→ WORKING DATA

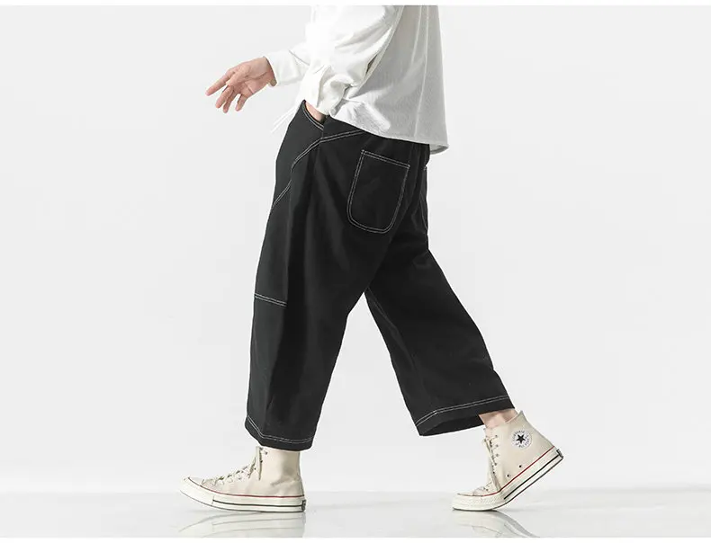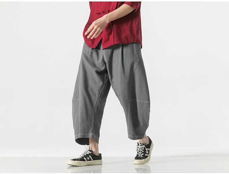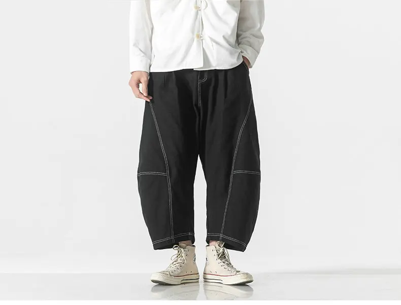 Advbridge Fashion Wide Leg Pants Men Cotton Casual Pants Men Harajuku Style Harem Pants Male Button Fly Trousers New Streetwear 5XL
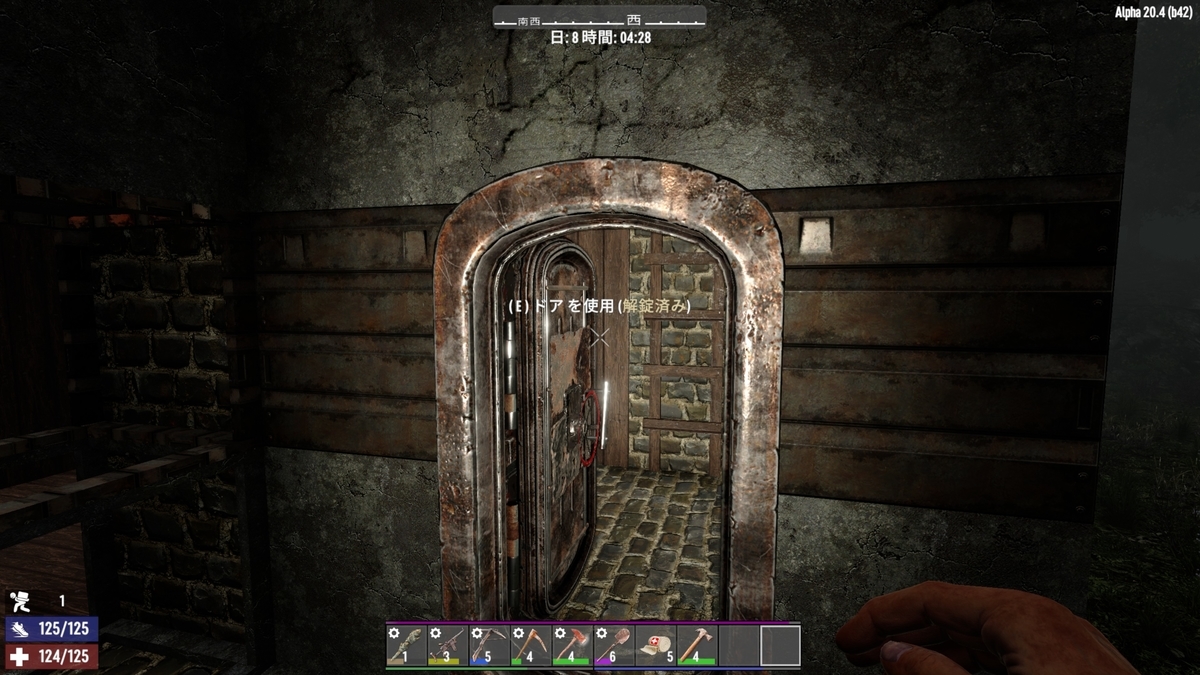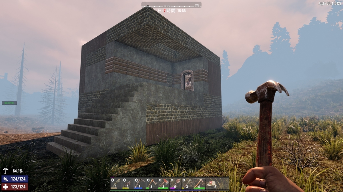 最低強化はドア周辺の玉石かとドアの鉄ドア化ですかね、強度が低いと割と抜かれる可能性があるので注意が必要です。最悪は屋根に上って朝まで過ごすという手も使えます、その際は梯子を外すことを忘れないようにしてください(下の土台が相当抜かれなければ基本的に倒壊しない)。
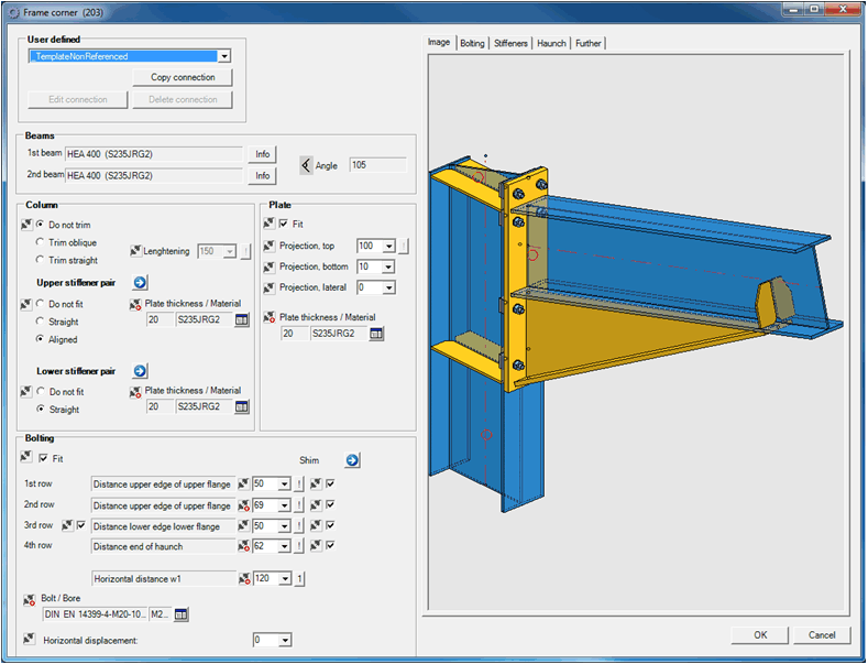 Click the Extended button to display further data of possible connections. If required, set one or several filters, such as Bolts, Strengths, etc. to restrict the selection criteria. Select the required connection and exit the window with OK.
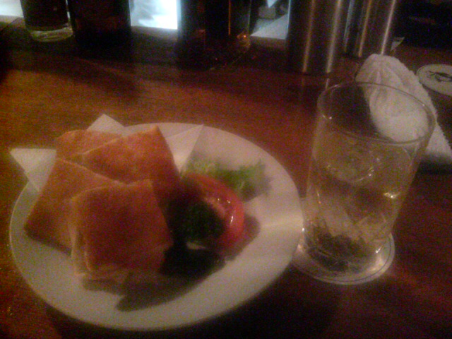 何かつまみを・・・「グリルドサンドをお願いします。」と注文する。左隣の男性は角の水割りに移っている。ペースが上がってきたようだ。入り口側の2人客はどちらも50代後半だろうか。片方の男性が恐妻家らしく、奥様の話で盛り上がっている。「よく虎の夢を見るんですよ。」「ほー、めずらしいですね。」「その出てきた虎に襲われるんですよね。」「ふむふむ。」「だからね。蹴るんですよ。その虎の頭をね。」「なるほど。」「するとね、女房が眼を覚まして、怒るんですよ。なぜ、いつも私を蹴るのって。」「ははは。」・・・ぷっ。
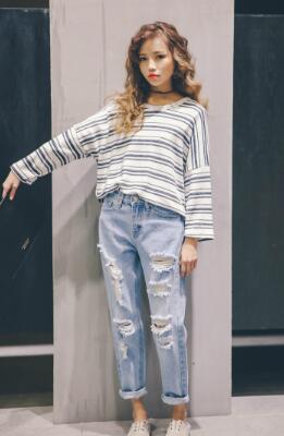 宽松的白色条纹上衣,简单清爽的黑白色设计,让人倍感清新,显得更有运动活力,搭配深蓝色小脚牛仔裤,让目光完全被美腿吸引,时尚的韩范风格。
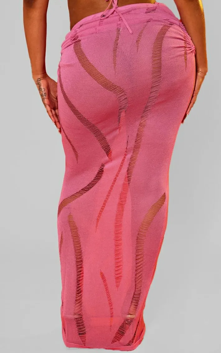 Get your glam on with this shape bring pink knit ladder detailed low rise ruched side maxi skirt. Made from a bright pink knit material with ladder detail, a low rise, a ruched side and a maxi length, youÂ’re sure to have all eyes on you. When the weekend calls so does this maxi skirt. So what are you waiting for? Shop the look and opt for the matching bralet. This look will have you setting trends wherever you step foot.
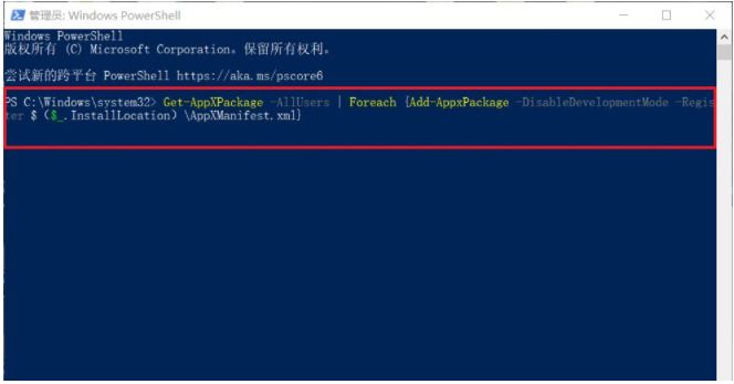 2、輸入并執行以下代碼【Get-AppXPackage -AllUsers | Foreach {Add-AppxPackage -DisableDevelopmentMode -Register “$($_.InstallLocation)\AppXManifest.xml”}】。
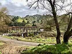 The concrete foundations of the 260 ft (79 m)[15] road-rail bridge over the Ongarue River, on the Stratford line had been laid by 1918, but war-time steel shortages delayed further work.[16] The first piles were sunk in 1916[15] and it had been completed by January 1922.[17]

→ PROBLEM
Every line of the data above should be returned exactly, with the pictures removed.

→ SOLUTION BELOW
 Advbridge Fashion Wide Leg Pants Men Cotton Casual Pants Men Harajuku Style Harem Pants Male Button Fly Trousers New Streetwear 5XL
 最低強化はドア周辺の玉石かとドアの鉄ドア化ですかね、強度が低いと割と抜かれる可能性があるので注意が必要です。最悪は屋根に上って朝まで過ごすという手も使えます、その際は梯子を外すことを忘れないようにしてください(下の土台が相当抜かれなければ基本的に倒壊しない)。
 Click the Extended button to display further data of possible connections. If required, set one or several filters, such as Bolts, Strengths, etc. to restrict the selection criteria. Select the required connection and exit the window with OK.
 何かつまみを・・・「グリルドサンドをお願いします。」と注文する。左隣の男性は角の水割りに移っている。ペースが上がってきたようだ。入り口側の2人客はどちらも50代後半だろうか。片方の男性が恐妻家らしく、奥様の話で盛り上がっている。「よく虎の夢を見るんですよ。」「ほー、めずらしいですね。」「その出てきた虎に襲われるんですよね。」「ふむふむ。」「だからね。蹴るんですよ。その虎の頭をね。」「なるほど。」「するとね、女房が眼を覚まして、怒るんですよ。なぜ、いつも私を蹴るのって。」「ははは。」・・・ぷっ。
 宽松的白色条纹上衣,简单清爽的黑白色设计,让人倍感清新,显得更有运动活力,搭配深蓝色小脚牛仔裤,让目光完全被美腿吸引,时尚的韩范风格。
 Get your glam on with this shape bring pink knit ladder detailed low rise ruched side maxi skirt. Made from a bright pink knit material with ladder detail, a low rise, a ruched side and a maxi length, youÂ’re sure to have all eyes on you. When the weekend calls so does this maxi skirt. So what are you waiting for? Shop the look and opt for the matching bralet. This look will have you setting trends wherever you step foot.
 2、輸入并執行以下代碼【Get-AppXPackage -AllUsers | Foreach {Add-AppxPackage -DisableDevelopmentMode -Register “$($_.InstallLocation)\AppXManifest.xml”}】。
 The concrete foundations of the 260 ft (79 m)[15] road-rail bridge over the Ongarue River, on the Stratford line had been laid by 1918, but war-time steel shortages delayed further work.[16] The first piles were sunk in 1916[15] and it had been completed by January 1922.[17]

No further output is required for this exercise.